[LLVMdev] Tight overlapping loops and performance
Jonathan Turner
probata at hotmail.com
Mon Mar 2 11:38:22 PST 2009
I was playing around in x86 assembly the other day, looking at ways to optimize my cooperative multitasking system. Currently, it uses a 'timeout' counter that is decremented each time through a loop, letting me stop the loop and go to the next cooperative thread if the loop runs a little long.
The asm has two overlapping loops:
---
_main:
mov ecx, 1000000000
timeoutloop:
mov edx, 2000
loopto:
dec edx
jz timeoutloop
dec ecx
jnz loopto
mov eax, 0
ret
---
Which takes 1.0s on my machine.
To compare, I wanted to see what LLVM performance was like and if a similar technique would yield good performance.
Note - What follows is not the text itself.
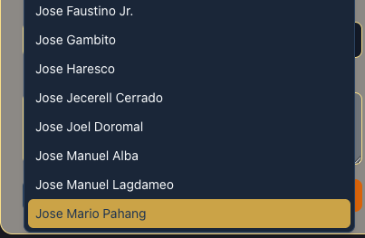 The data on the Related Official dropdown box displays names up to those that starts with J.

I cooked up this test in C:
---
#include <stdio.h>
int main() {
int loop = 1000000000;
int timeout;
timeoutloop:
timeout = 2000;
loopto:
if (--timeout == 0) goto timeoutloop;
if (--loop != 0) goto loopto;
printf("Timeout: %i\n", timeout);
return 0;
}
---
With gcc -O3 4.2 and 4.4 we match 1.0s. The LLVM, after running it through opt -std-compile-opts, is around 1.7s.
Should I be looking at any particular optimization passes that aren't in -std-compile-opts to match the gcc speeds?